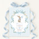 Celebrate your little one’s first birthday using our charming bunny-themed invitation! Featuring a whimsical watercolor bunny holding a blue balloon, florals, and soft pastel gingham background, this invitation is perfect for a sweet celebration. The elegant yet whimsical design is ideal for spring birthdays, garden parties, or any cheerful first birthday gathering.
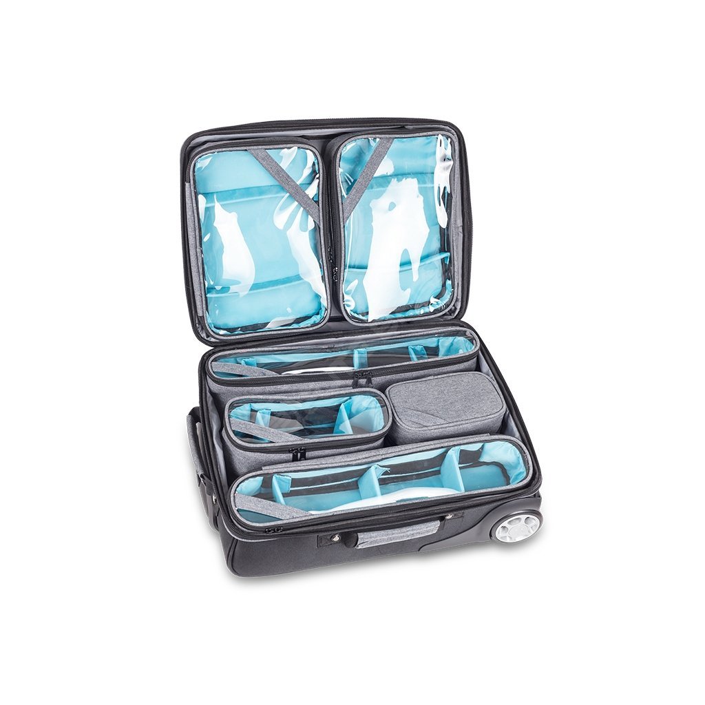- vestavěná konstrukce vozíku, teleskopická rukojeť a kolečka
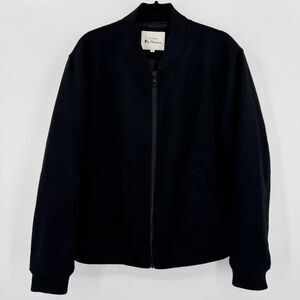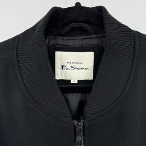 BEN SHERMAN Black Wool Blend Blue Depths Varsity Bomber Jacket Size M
::::
_Prompt_
Print, exactly as written, the lines above from the first one to the one containing "- vestavěná konstrukce". Leave out pictures.

_Solution for this exercise_
 Celebrate your little one’s first birthday using our charming bunny-themed invitation! Featuring a whimsical watercolor bunny holding a blue balloon, florals, and soft pastel gingham background, this invitation is perfect for a sweet celebration. The elegant yet whimsical design is ideal for spring birthdays, garden parties, or any cheerful first birthday gathering.
- vestavěná konstrukce vozíku, teleskopická rukojeť a kolečka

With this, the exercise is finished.